[Data provided Boundary: Start]
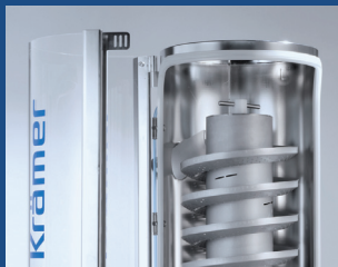
Schwenk- und entfernbares Sichtfenster
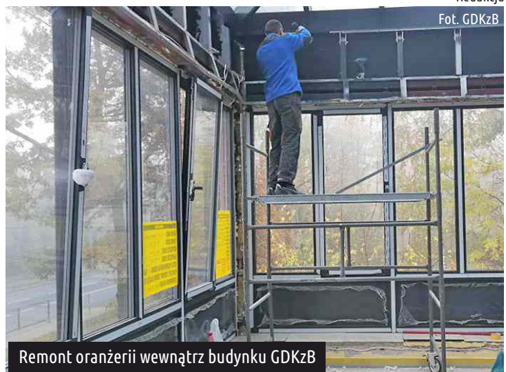
Remont oranżerii wewnątrz budynku GDKzB
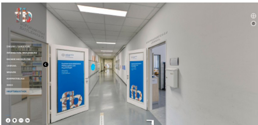
Abb. 4: Navigation über das Menü
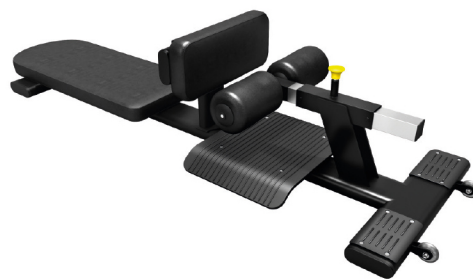
XH003 BANCO SISSY / ABS DIMENSIONES: L: 198 x A: 63 x Al: 40.5 cm. PESO TOTAL: 50 kg.
[Data provided Boundary: End]
→ Exercise instructions
Apart from the pictures, every line above must be repeated exactly.

→ Response to the exercise
Schwenk- und entfernbares Sichtfenster
Remont oranżerii wewnątrz budynku GDKzB
Abb. 4: Navigation über das Menü
XH003 BANCO SISSY / ABS DIMENSIONES: L: 198 x A: 63 x Al: 40.5 cm. PESO TOTAL: 50 kg.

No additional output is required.